REVIEW: “The Happy Sad” by Rodney Evans

THE HAPPY SAD - MarcusAaron

 

THE HAPPY SAD
Directed by Rodney Evans
86 minutes
with Leroy McClain, Sorel Carradine, Charlie Barnett, Cameron Scoggins, Maria Dizzia.​
Distributed by Miasma Films/Rodney Evans

 

After a lengthy-hiatus from feature films, his last and only other one being the award-winning and deservedly highly-lauded Brother To Brother (2004), writer/producer/director Rodney Evans returns with The Happy Sad, a multi-cultural interconnected ensemble film about two couples in the twenties and thirties who, possessed with unbound possibilities for sex across gender lines, attempt to define what a true loving relationship can be.

The first of the couples we meet, and the stronger of the two, are African-American homosexual couple Aaron and Marcus, who after having an off-screen manage a trois and being together for six years, decide to expand the sexual scope of their union to have an open relationship.  While they establish rules that both intend to adhere to, the primary one being that neither will fall in love with their new sexual partner, you instantly know that declaration will have trouble being maintained but are eager to see how it will break and who will break it. Meanwhile six-month long white heterosexual couple Annie and Stan, who break-up right in front of Aaron while he’s waiting on them in the restaurant at which he works, struggle with their newly single lives and with being taken seriously as a teacher and budding musician, respectively.
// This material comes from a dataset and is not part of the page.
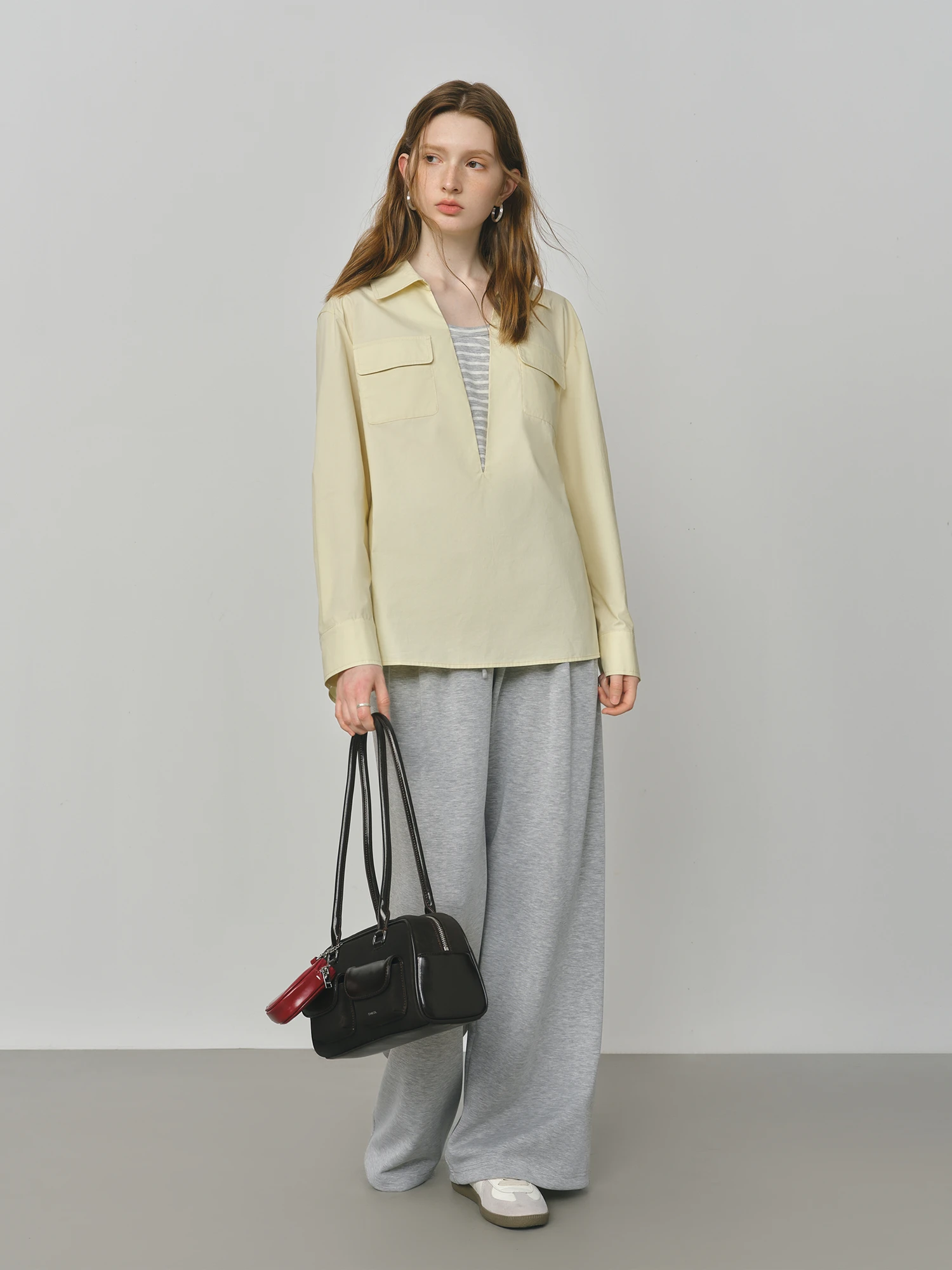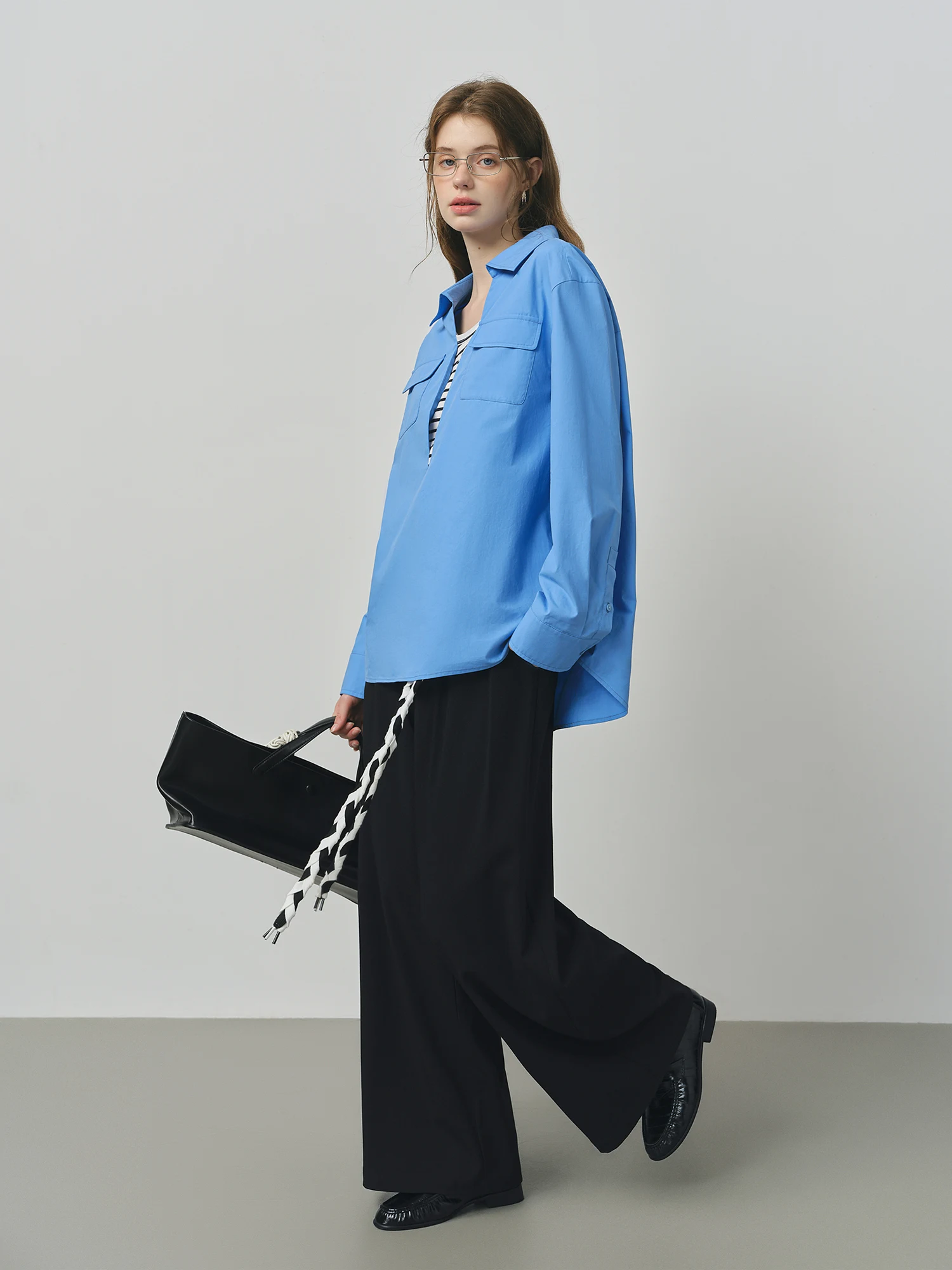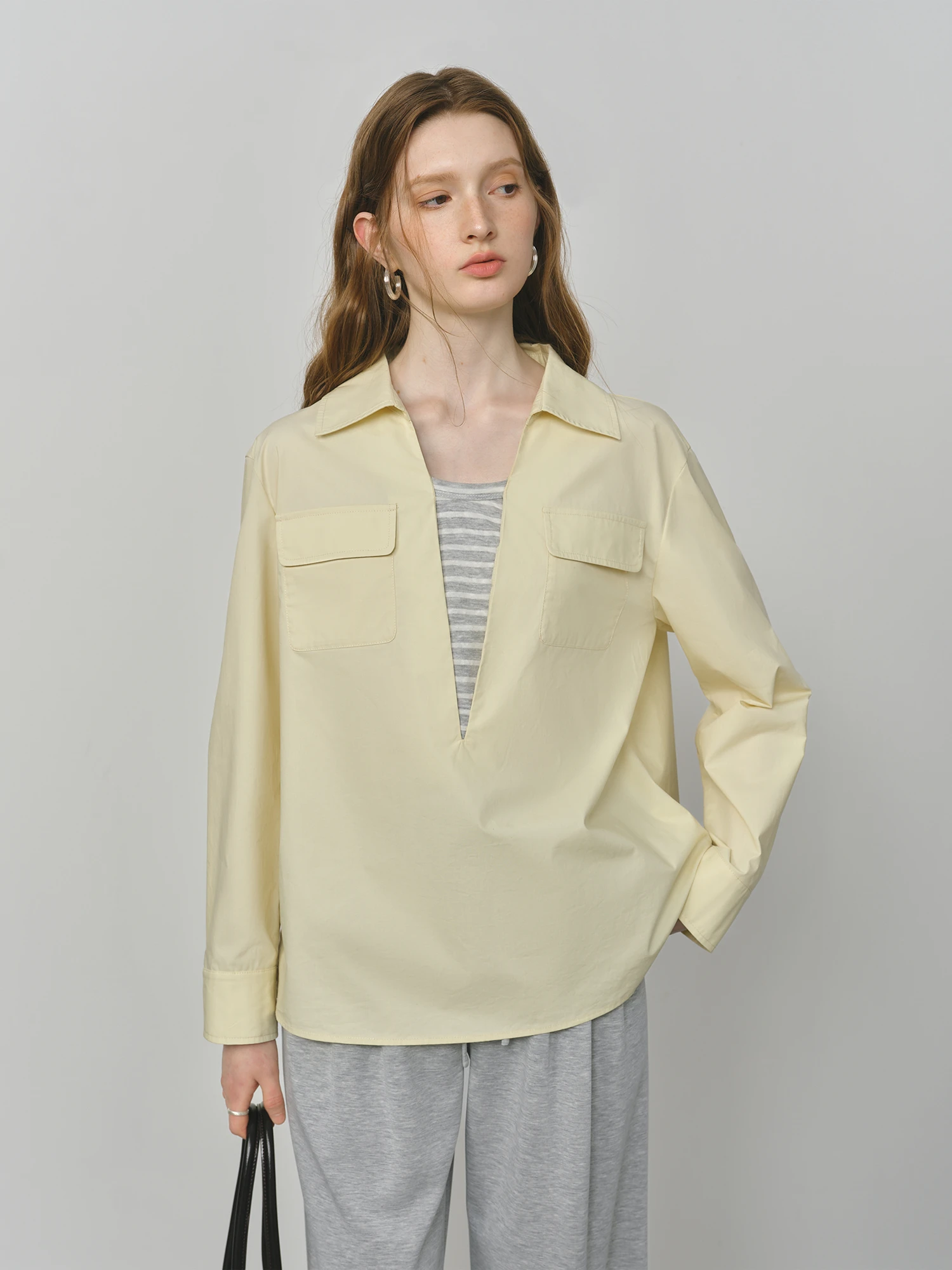 This Women’s Color Block Layered Pullover Shirt is designed for those seeking a refined yet relaxed fit for autumn. Crafted from 100% cotton chiffon, it offers a lightweight texture with slight stretch for comfortable all-day wear. The regular fit and turn-down collar present a polished silhouette suitable for office environments.

THS POSTERMarcus (Leroy McClain, “Rubicon”), wastes little time in hooking up with a guy via the internet, and after their second encounter Aaron (played poignantly by Charlie Barnett, known best as rookie fireman Peter Mills on NBC’s ‘Chicago Fire’) walks in on them post-tryst to discover it’s Stan, who post his break up with Annie (Sorel Carradine, The Good Doctor), and her fake admission that she was bi-sexual, decides to pursue his own sexual identity, presumably in order to find some type of living connection with another being, or so we’re led to believe.  The heartbroken Aaron, wearing his emotions on his sleeve along with sad puppy dog eyes that give away his thoughts, has trouble coping with Marcus’ ‘boy-toy.’  Meanwhile Stan, an emotionally-troubled young musician , becomes further confused when after weeks apart he not only bumps into Annie and her supposed new lover Mandy (Maria Dazzia, Orange is the New Black) on the train platform but also Aaron and Marcus.  This encounter throws all the couples into a tailspin that ends up revealing secrets and inhibitions.

While the final act cleans things up a bit too neatly, Evans has created characters that while at first come off as selfish, mostly have believable or compelling reasons for making the decisions they have made.  At turns the story gets jumbled as interactions occur too coincidentally.   Yet as these confused people are living quarter-life love crises, The Happy Sad shows a side of uninhibited sexual desires that don’t necessarily argue for either sexual preference or monogamy being right or wrong, but functional at the time for certain characters.  While all the main actors have richness to them, the standout is Leroy McClain, who as Marcus shows a complexity in his search for physical and emotional closeness even as you want to call him a jerk.

 3.5 out of 5 stars

The Happy Sad begins its theatrical engagement this Friday, Aug. 16th in New York City at the IFC Center, 323 Sixth Ave (at West 3rd St) and in Los Angeles at the Sundance Sunset Cinema, 8000 West Sunset Blvd. (at Crescent Heights).